INFORMATION:
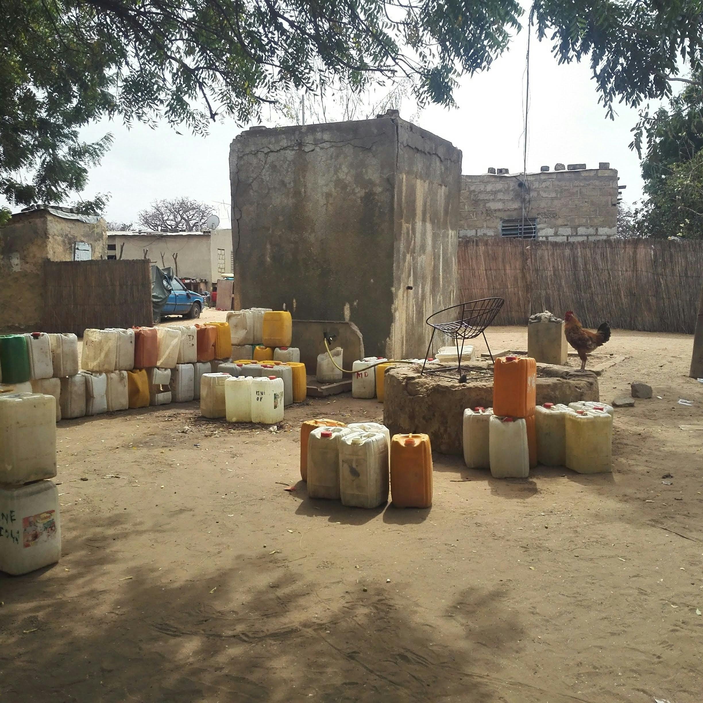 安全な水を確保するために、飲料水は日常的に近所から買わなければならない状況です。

--

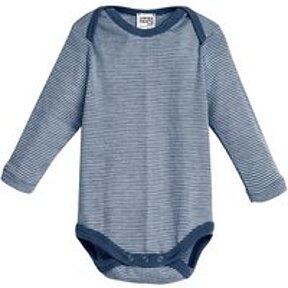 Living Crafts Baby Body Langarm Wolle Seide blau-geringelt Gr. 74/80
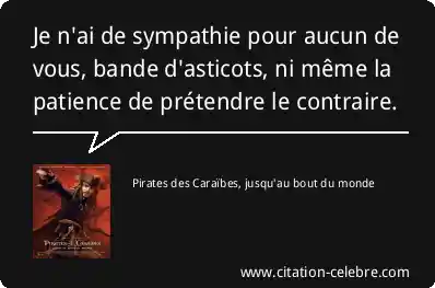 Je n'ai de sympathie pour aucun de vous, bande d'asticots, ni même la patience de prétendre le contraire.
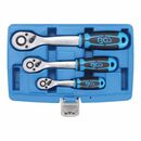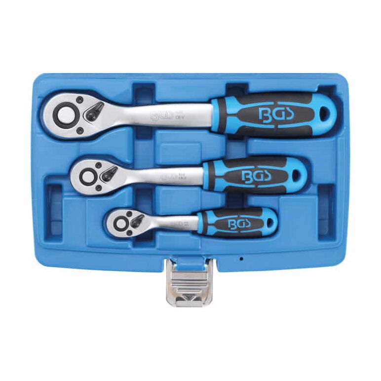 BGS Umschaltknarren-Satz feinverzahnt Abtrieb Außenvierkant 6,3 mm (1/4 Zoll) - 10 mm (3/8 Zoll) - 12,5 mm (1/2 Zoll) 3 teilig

WHAT IS EXPECTED: Above, find the line holding "Je n'ai de sympathie" and the line holding "BGS Umschaltknarren-Satz feinverzahnt". Print exactly those two lines and every line between them, but no pictures.

RESPONSE BELOW:
 Je n'ai de sympathie pour aucun de vous, bande d'asticots, ni même la patience de prétendre le contraire.
 BGS Umschaltknarren-Satz feinverzahnt Abtrieb Außenvierkant 6,3 mm (1/4 Zoll) - 10 mm (3/8 Zoll) - 12,5 mm (1/2 Zoll) 3 teilig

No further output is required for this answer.